In answer to the member for Hunter, I raise these examples because they support the approach of the Howard government to seek to cut taxes and to make the tax system fairer. The member for Rankin, instead of spending his time counting the pages of the tax act to score a passing political point, ought to spend his time explaining to the people of Australia what his party's position is on cutting taxes and lowering income tax rates. I am committed to the notion of lower taxes and lower tax rates. If the percentage of personal income that any government can collect in taxes is low and invariable, the only variable a government can turn to is growth. Growth can fund deficits and growth can fund programs. To increase growth there must be incentives to work and to invest, and that means to reduce taxes, as we have begun to do—reducing income tax rates, reducing company tax rates and reducing capital gains tax.

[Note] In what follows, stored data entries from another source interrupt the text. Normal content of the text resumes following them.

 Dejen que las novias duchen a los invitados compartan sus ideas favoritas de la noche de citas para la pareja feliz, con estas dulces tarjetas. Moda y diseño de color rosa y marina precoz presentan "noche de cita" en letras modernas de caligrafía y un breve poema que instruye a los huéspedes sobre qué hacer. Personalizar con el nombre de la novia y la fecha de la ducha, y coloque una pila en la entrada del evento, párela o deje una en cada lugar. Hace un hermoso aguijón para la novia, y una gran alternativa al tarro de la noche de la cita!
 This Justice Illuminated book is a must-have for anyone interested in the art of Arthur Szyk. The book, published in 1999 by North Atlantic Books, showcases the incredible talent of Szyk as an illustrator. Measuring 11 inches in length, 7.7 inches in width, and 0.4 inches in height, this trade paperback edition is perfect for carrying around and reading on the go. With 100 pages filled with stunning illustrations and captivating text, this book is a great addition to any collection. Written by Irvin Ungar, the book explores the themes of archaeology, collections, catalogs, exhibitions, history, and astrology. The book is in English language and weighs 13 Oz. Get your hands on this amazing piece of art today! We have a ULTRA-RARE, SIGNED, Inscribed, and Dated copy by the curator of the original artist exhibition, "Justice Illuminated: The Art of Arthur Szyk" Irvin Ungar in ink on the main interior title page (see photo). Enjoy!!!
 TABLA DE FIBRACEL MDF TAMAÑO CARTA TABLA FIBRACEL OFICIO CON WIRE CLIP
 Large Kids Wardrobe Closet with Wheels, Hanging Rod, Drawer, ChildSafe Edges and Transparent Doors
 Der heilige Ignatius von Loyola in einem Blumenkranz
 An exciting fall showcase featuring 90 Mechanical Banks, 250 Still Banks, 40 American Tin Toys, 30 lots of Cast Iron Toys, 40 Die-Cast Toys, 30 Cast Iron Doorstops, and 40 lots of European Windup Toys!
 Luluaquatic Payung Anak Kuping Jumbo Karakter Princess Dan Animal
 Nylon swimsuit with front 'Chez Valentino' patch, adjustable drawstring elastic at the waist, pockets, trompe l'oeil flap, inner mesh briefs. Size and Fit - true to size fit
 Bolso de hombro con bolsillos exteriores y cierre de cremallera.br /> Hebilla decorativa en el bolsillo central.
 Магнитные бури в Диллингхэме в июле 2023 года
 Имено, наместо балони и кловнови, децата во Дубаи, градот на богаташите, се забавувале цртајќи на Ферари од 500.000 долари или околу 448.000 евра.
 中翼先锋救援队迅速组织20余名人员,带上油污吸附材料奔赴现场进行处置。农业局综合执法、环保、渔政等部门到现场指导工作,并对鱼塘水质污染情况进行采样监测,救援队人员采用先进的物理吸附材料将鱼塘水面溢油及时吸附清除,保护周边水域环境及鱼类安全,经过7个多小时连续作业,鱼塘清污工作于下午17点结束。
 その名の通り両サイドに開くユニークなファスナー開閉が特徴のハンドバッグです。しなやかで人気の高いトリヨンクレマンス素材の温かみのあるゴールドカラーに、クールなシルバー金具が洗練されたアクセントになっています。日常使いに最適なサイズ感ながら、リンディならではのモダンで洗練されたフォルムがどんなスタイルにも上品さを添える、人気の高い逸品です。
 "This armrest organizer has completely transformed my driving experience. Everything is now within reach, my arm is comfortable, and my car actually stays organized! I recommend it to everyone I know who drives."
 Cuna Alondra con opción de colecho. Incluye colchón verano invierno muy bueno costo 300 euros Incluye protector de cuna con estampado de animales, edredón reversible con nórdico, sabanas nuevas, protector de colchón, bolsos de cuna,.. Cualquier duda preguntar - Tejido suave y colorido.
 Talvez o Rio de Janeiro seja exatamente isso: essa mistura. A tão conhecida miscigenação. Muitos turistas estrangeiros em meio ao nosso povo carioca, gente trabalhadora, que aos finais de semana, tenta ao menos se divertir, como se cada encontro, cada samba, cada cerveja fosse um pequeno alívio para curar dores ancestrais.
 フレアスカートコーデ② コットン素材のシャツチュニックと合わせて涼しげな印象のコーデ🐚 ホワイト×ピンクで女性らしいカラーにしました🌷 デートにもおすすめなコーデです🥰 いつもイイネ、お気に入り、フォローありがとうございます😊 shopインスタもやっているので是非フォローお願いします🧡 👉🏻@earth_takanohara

It is high time that the opposition came clean on its approach to taxation. It is presenting itself as an alternative government. Is it committed to raising taxes? Will it seek to emulate Ireland? Will it continue the work of this government in reducing taxes? Or will it seek to punish our achievers with higher marginal tax rates, working against increased growth, increased incentives, increased investment and jobs that result from tax cuts? The opposition is already on record with its roll-back policy. It is so evidently destructive. It invariably means that if you decrease the amount of tax collected under the GST you will find it elsewhere. As we know from Senator Conroy, `elsewhere' will mean increasing income tax. That will be Labor's position. Like the socialist countries in Europe who are envying the Irish example, taxpayers will face a powerful disincentive under a Labor government to work harder or a powerful incentive to work overseas. This government is committed to ensuring that Australia's workers, its job creators, its wealth creators, are working under a fairer, simpler tax regime with lower tax rates.
I commend to the House the consideration of further tax reforms which would see the further lifting of the tax burden from the shoulders of Australia's small business. In respect of the reforms in the New Business Tax System (Simplified Tax System) Bill 2000, the New Business Tax System (Capital Allowances) Bill 2001 and the New Business Tax System (Capital Allowances—Transitional and Consequential) Bill 2001, I commend them to the House.